Dx: Fluid overuse. The patient is drinking an excessive quantity of fluid, as evidenced by urine volume >2100 cc. (The International Continence Society defines polyuria as >40 mL/kg per day.14 )
Advise the patient to decrease her overall fluid intake, particularly within several hours of bedtime. Studies of tea and coffee consumption and incontinence have had conflicting results,15,16 and data on caffeinated soda consumption and incontinence are lacking. Nonetheless, patients should be advised that there is a possible association between caffeinated beverages and urinary incontinence. (In one small study, caffeine was found to cause a significant increase in detrusor pressure.17 ) Giving women one-time general instructions on fluid intake modification has been shown to significantly decrease incontinence episodes.18
Dx: Badly timed medication intake. This patient is taking one or more drugs that may contribute to incontinence, such as alpha-blockers or diuretics, either shortly before going to bed or before activities that make a bathroom visit inconvenient or impossible.
Adjust her medication regimen to minimize nocturia or urinary urgency during times of peak activity—eg, taking a diuretic early in the day instead of in the afternoon or evening, if possible. Keep in mind, however, that this strategy is based primarily on expert opinion, as very little evidence exists to show that medication of any type has a significant effect on urinary continence.19
Dx: Lower extremity edema with postural diuresis. The patient has nocturia, with larger total urine output at night than during the day. She may or may not have some leakage.
Women with lower extremity edema due to a variety of medical causes often experience postural diuresis overnight. If the patient is already on a diuretic, the problem can often be ameliorated by taking it early in the day instead of in the afternoon or evening; if she’s not, prescribe a small dose of a diuretic, to be taken in the morning. This therapeutic intervention has not been rigorously studied, but is relatively easy to implement and worth a try for patients with heart failure or other causes of pedal edema.
Dx: Constipation associated with autonomic dysfunction.

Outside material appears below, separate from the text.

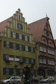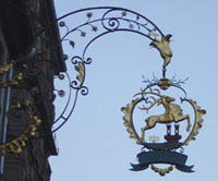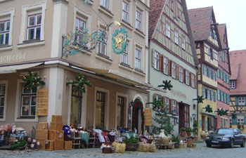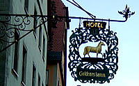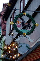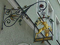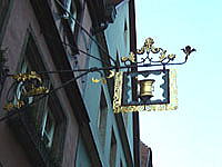 | ローテンブルグノ風物のひとつ、すかし細工の看板はお店の特徴を現すデザインになっていて楽しいものでした。 | ||

Because the rectum and bladder are controlled by the same sacral segments of the spinal cord and share many autonomic ganglia, problems in one compartment often affect another. In a patient for whom incontinence is a minor, or occasional, problem while constipation is a major complaint, the optimal approach is to treat the constipation first and see if the urinary incontinence also resolves.
A trial of polyethylene glycol is a good place to start, particularly if there is no evidence of another correctable cause of the incontinence. Studies have shown that successful treatment of constipation often results in significant improvement of urinary urgency and frequency.20
TABLE
Anticholinergic medications for urge incontinence11,12
Medication | Dosing | Comments |
---|---|---|
Oxybutynin | 2.5-5 mg bid to tid (≤5 mg qid) | Significant adverse effects, including constipation, dry mouth, blurred vision, urinary retention; confusion and sedation, particularly in elderly |
Oxybutynin ER | 5-10 mg/d; increase weekly by 5-mg/d increments to ≤30 mg/d | |
Oxybutynin transdermal patch (Oxytrol) | 1 patch 2x/wk on abdomen, hips, or buttocks (dose=3.9 mg/d) | Adverse effects may be less frequent than with oral medication due to the avoidance of metabolites |
Oxybutynin transdermal gel (Gelnique) | 1 gel pack/d on abdomen, thighs, or shoulders (dose=100 mg in 1-g gel pack) | |
Tolterodine (Detrol) | 1-2 mg bid (immediate release) or 2-4 mg/d (ER) | Similar effects and efficacy as oxybutynin, but adverse effects are decreased due to greater uroselectivity on muscarinic receptors |
Darifenacin hydrobromide (Enablex) | 7.5 mg/d; increase to 15 mg/d after 2 wk if necessary | |
Solifenacin (VESIcare) | 5-10 mg/d | |
Fesoteridine (Toviaz) | 4-8 mg/d | |
Trospium (Sanctura) | 20 mg bid (immediate release) or 60 mg/d (ER) | |
ER, extended release. |
These conditions typically warrant a referral
Dx: Hematuria. Urinalysis with hematuria but no evidence of a urinary tract infection should raise a red flag, regardless of other findings. The patient should be referred for further urologic evaluation, including cystoscopy, although you may want to repeat the urinalysis with another clean-catch specimen first. Straight catheterization is not recommended in such a case, as a traumatized urethra can be a source of hematuria.
Dx: Stress incontinence with an anatomic abnormality. There are 2 options for a patient who has stress incontinence with an obvious cystocele on exam: Fit her with a pessary (or refer her to a physician who has this capability), or provide a referral to a urogynecologist for corrective surgery. Which option to choose should be a collaborative decision between patient and physician. For most women, it makes sense to try the pessary first.